In Pytorch Lightning, we have to create instances of LightningModule
for training the model and for loading data, we can optionally
use LightningDataModule.
I was using both, and it was great.
But when I ran into the problem in Google Colab, it seemed like
the debugging is a little bit hard for me.
I prefer my code to be completely modular and have the ability to
be separated into different parts with ease.
So yesterday, I gave Pytorch ignite a shot.
I have started with the quick start,
and it was super easy
to change my training procedure from Pytorch Lightning to Pytorch Ignite.
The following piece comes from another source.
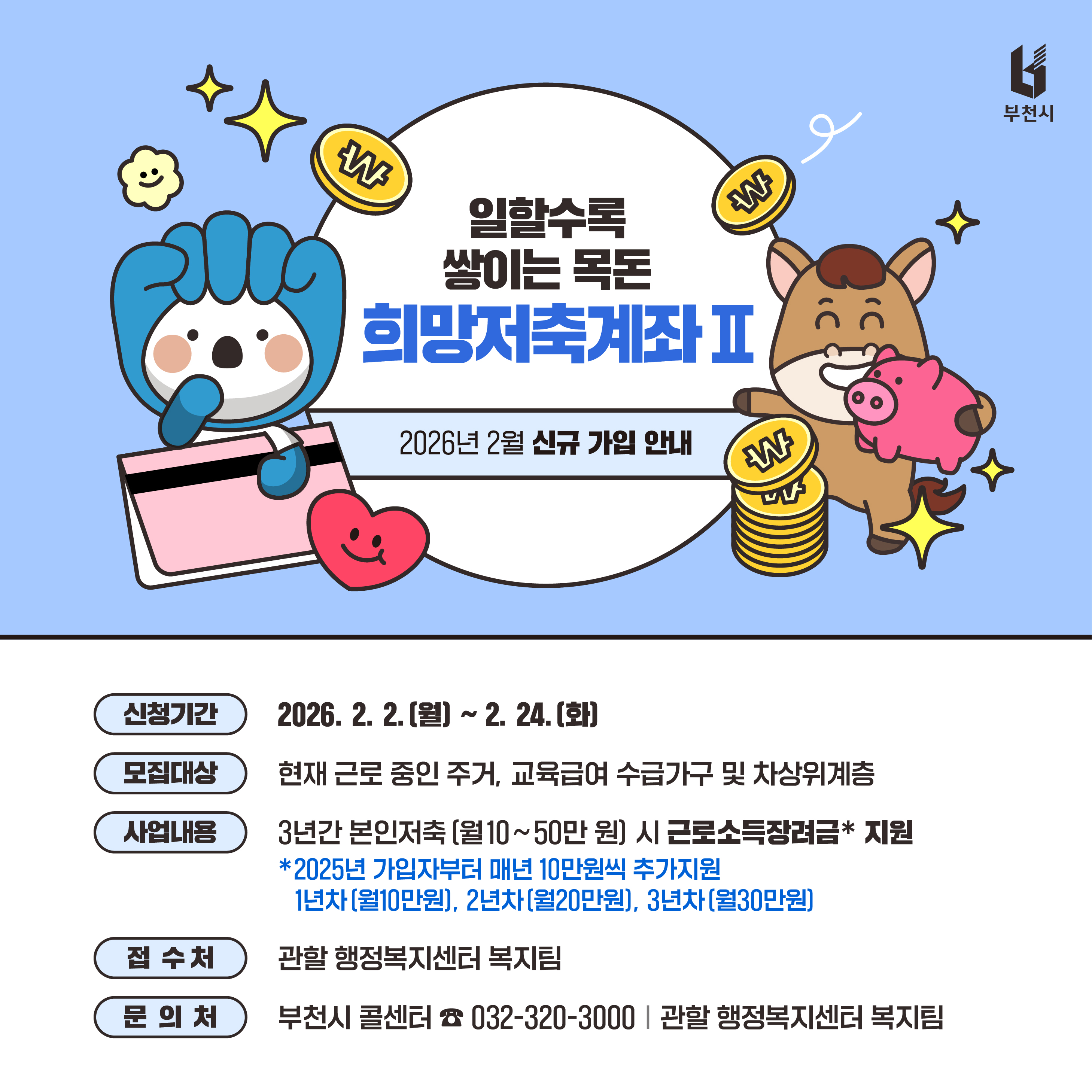 ¡°ÀÏÇÒ¼ö·Ï ½×ÀÌ´Â ¸ñµ·¡±¡¦ÀÚ»êÇü¼ºÁö¿øÀ¸·Î ÀÚ¸³¿ª·® °ÈºÎõ½Ã´Â ±Ù·Î ÁßÀÎ ÁÖ°Å․±³À°±Þ¿© ¼ö±Þ °¡±¸¿Í Â÷»óÀ§°èÃþÀÇ ÀÚ»ê Çü¼º°ú ÀÚ¸³À» Áö¿øÇϱâ À§ÇØ ‘2026³â Èñ¸ÁÀúÃà°èÁÂ(¥±)’ ½Å±Ô °¡ÀÔÀÚ¸¦ ¿À´Â 2¿ù 2ÀϺÎÅÍ 24ÀϱîÁö ¸ðÁýÇÑ´Ù°í 30ÀÏ ¹àÇû´Ù.

To be honest, I have a really great feeling about Pytorch ignite.
I strongly recommend that you give it a shot.
Here is the link to the quick start again:
quick start
My setup
At first, I have defined my trainer and evaluators like below:
# Define trainer
trainer = create_supervised_trainer(
model=model,
optimizer=optimizer,
loss_fn=criterion,
device=device,
)
# Define evaluators
val_metrics = {
"accuracy": Accuracy(),
"loss": Loss(criterion),
}
train_evaluator = create_supervised_evaluator(
model=model,
metrics=val_metrics,
device=device,
)
val_evaluator = create_supervised_evaluator(
model=model,
metrics=val_metrics,
device=device,
)
Then, because I like to see the progress,
I attached ProgressBar to each of them.
# Add progress bar to trainer
pbar = ProgressBar()
pbar.attach(trainer)
# Add progress bar to evaluators
pbar_1 = ProgressBar()
pbar_1.attach(train_evaluator)
pbar_2 = ProgressBar()
pbar_2.attach(val_evaluator)
To run the evaluators after each epoch ends, I have used the events
below and add them to the trainer handlers.
# Add logging of training results to trainer
@trainer.on(Events.EPOCH_COMPLETED)
def log_training_results(engine):
train_evaluator.run(train_loader)
metrics = train_evaluator.state.metrics
print(
f"Training Results - Epoch[{engine.state.epoch}] Avg accuracy: {metrics['accuracy']:.2f} Avg loss: {metrics['loss']:.2f}"
)
# Add logging of validating results to trainer
@trainer.on(Events.EPOCH_COMPLETED)
def log_validation_results(engine):
val_evaluator.run(val_loader)
metrics = val_evaluator.state.metrics
print(
f"Validation Results - Epoch[{engine.state.epoch}] Avg accuracy: {metrics['accuracy']:.2f} Avg loss: {metrics['loss']:.2f}"
)
For the score function, I added the code below, which uses accuracy:
def score_function(engine):
return engine.state.metrics["accuracy"]
To always have the best model saved, I added a ModelCheckPoint to
val_evaluator.
# Add model checkpointing to val evaluator
model_checkpoint = ModelCheckpoint(
f"checkpoints/{cfg.model.name}_{run_counter}",
n_saved=1,
filename_prefix="best",
score_function=score_function,
score_name="accuracy",
global_step_transform=global_step_from_engine(trainer),
)
val_evaluator.add_event_handler(
Events.COMPLETED,
model_checkpoint,
{"model": model},
)
Then, for early stopping, I added the code below.
# Add Early stopping
early_stopping = EarlyStopping(
patience=cfg.patience,
score_function=score_function,
trainer=trainer,
min_delta=cfg.min_delta,
)
val_evaluator.add_event_handler(
Events.COMPLETED,
early_stopping,
)
And, to have tensorboard logging, I added the code below:
# Add tensorboard
tb_logger = TensorboardLogger(log_dir=f"tb-logger/{cfg.model.name}_{run_counter}")
tb_logger.attach_output_handler(
trainer,
event_name=Events.ITERATION_COMPLETED(every=100),
tag="training",
output_transform=lambda loss: {"batch_loss": loss},
)
for tag, evaluator in [
("training", train_evaluator),
("validation", val_evaluator),
]:
tb_logger.attach_output_handler(
evaluator,
event_name=Events.EPOCH_COMPLETED,
tag=tag,
metric_names="all",
global_step_transform=global_step_from_engine(trainer),
)
And the only other thing that I should do, is to run my trainer engine
by the code below.
trainer.run(train_loader, max_epochs=cfg.max_epochs)
And it works, perfectly.
cfg in code is the config that I am using.
I use hydra to control my configs.
Final thoughts
PyTorch Ignite is an extremely great package to
train our models.
It is modular which I pretty much like and is closer to the
way that I think.
I strongly recommend that you check it out.
Here is the link to the official site:
https://docs.pytorch.org/ignite/index.html